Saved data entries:
• • • •

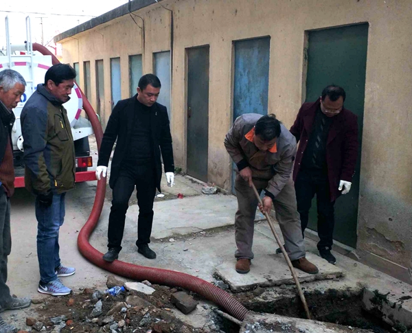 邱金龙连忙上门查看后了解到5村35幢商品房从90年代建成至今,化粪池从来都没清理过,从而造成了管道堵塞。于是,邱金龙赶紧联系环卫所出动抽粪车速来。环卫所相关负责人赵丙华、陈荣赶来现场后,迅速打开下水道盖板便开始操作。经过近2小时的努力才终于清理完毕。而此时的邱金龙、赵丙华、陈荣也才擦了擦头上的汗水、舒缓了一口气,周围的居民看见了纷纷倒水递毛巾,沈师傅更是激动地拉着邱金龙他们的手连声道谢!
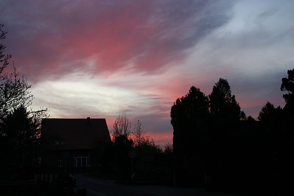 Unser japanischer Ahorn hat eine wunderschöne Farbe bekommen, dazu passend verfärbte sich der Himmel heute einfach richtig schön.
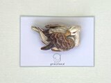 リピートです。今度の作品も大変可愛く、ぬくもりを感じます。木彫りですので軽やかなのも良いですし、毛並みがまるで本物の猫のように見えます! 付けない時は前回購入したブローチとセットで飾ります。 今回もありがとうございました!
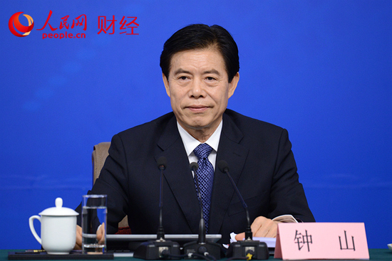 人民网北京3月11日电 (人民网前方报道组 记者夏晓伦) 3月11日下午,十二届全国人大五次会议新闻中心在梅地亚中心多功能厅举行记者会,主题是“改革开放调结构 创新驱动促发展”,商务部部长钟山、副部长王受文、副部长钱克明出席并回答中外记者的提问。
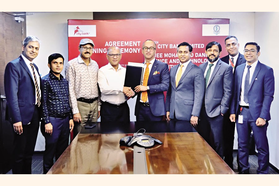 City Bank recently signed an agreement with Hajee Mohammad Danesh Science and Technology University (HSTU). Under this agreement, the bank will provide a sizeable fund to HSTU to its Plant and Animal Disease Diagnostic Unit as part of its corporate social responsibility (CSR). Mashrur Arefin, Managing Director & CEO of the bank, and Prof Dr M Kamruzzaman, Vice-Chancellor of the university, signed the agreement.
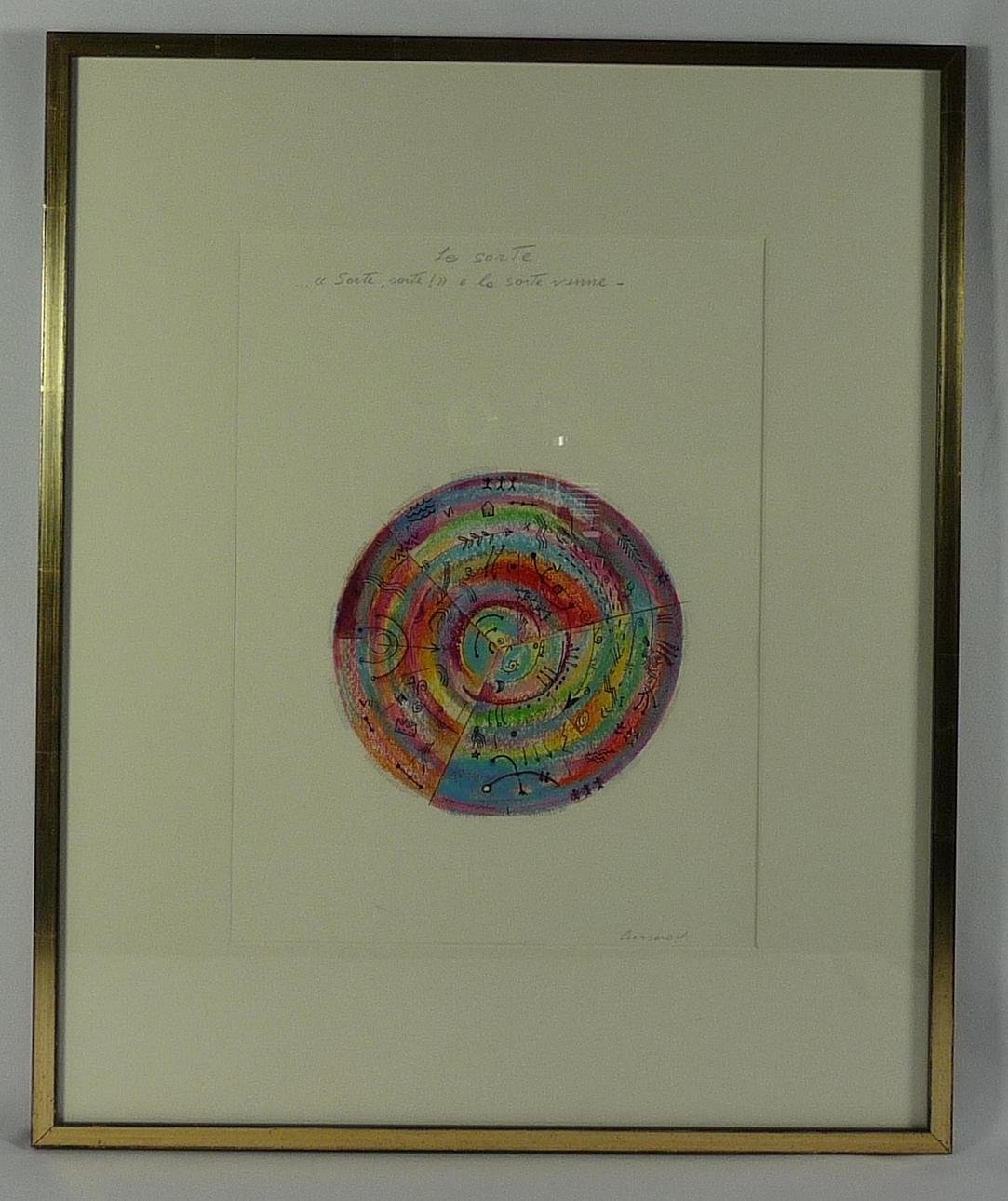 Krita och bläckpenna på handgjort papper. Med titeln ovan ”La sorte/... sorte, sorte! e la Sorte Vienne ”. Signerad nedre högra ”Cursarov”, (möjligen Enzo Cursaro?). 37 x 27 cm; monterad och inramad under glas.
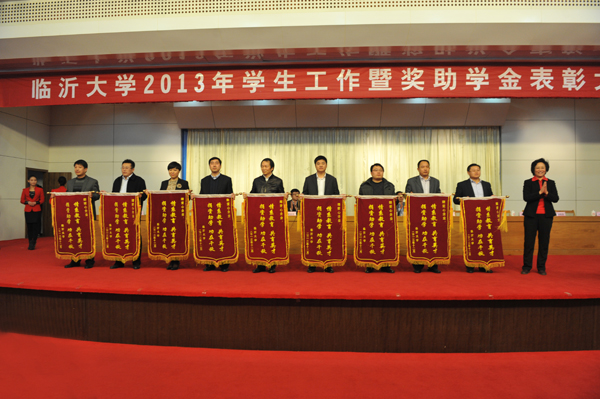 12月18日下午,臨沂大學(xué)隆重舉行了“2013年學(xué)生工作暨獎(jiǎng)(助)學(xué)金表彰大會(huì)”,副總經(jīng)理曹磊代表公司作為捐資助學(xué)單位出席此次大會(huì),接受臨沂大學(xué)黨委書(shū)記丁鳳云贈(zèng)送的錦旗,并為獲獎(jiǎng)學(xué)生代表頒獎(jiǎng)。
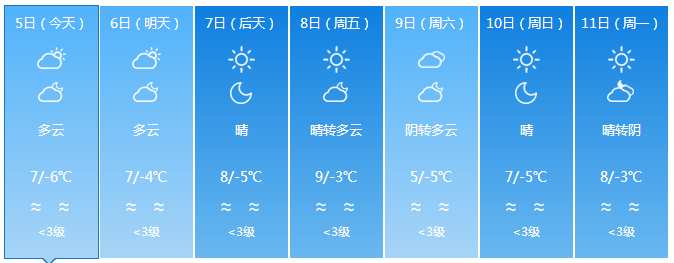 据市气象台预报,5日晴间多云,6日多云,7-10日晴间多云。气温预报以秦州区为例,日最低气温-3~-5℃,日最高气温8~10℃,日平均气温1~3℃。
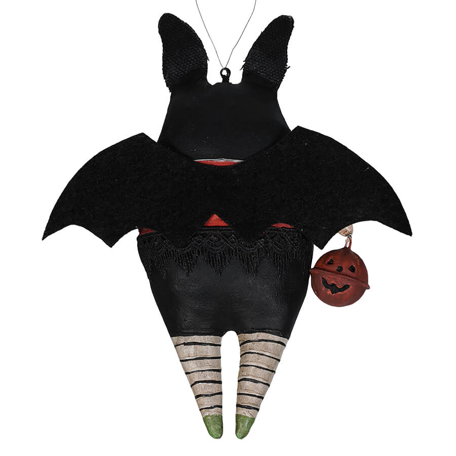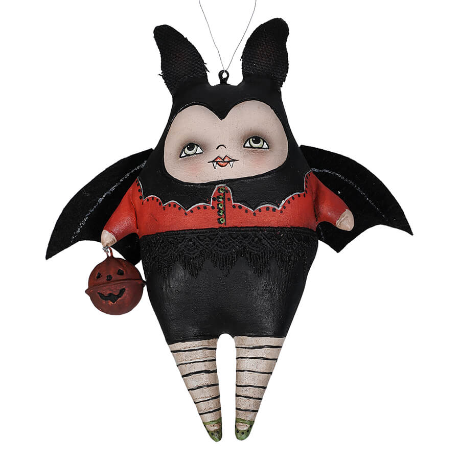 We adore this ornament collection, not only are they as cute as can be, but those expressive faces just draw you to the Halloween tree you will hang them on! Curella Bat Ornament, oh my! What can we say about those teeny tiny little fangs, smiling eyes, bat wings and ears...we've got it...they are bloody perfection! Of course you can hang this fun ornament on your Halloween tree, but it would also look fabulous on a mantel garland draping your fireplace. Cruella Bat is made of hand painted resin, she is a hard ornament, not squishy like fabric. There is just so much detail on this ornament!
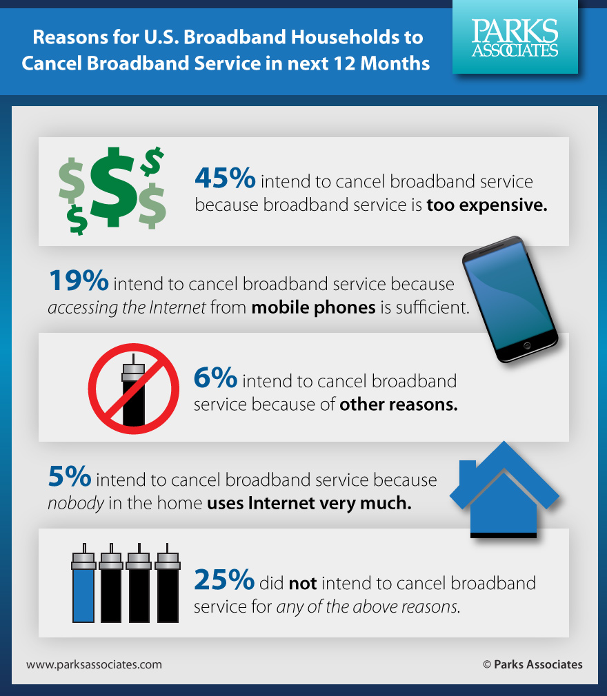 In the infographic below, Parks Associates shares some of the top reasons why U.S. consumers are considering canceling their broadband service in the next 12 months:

• • • •

* [REQUIREMENT]:
Go to the line above that has "Unser japanischer Ahorn" and copy exactly from there down to the line that has "City Bank recently", both included. Leave the pictures out.

* [YOUR RESPONSE]:
 Unser japanischer Ahorn hat eine wunderschöne Farbe bekommen, dazu passend verfärbte sich der Himmel heute einfach richtig schön.
 リピートです。今度の作品も大変可愛く、ぬくもりを感じます。木彫りですので軽やかなのも良いですし、毛並みがまるで本物の猫のように見えます! 付けない時は前回購入したブローチとセットで飾ります。 今回もありがとうございました!
 人民网北京3月11日电 (人民网前方报道组 记者夏晓伦) 3月11日下午,十二届全国人大五次会议新闻中心在梅地亚中心多功能厅举行记者会,主题是“改革开放调结构 创新驱动促发展”,商务部部长钟山、副部长王受文、副部长钱克明出席并回答中外记者的提问。
 City Bank recently signed an agreement with Hajee Mohammad Danesh Science and Technology University (HSTU). Under this agreement, the bank will provide a sizeable fund to HSTU to its Plant and Animal Disease Diagnostic Unit as part of its corporate social responsibility (CSR). Mashrur Arefin, Managing Director & CEO of the bank, and Prof Dr M Kamruzzaman, Vice-Chancellor of the university, signed the agreement.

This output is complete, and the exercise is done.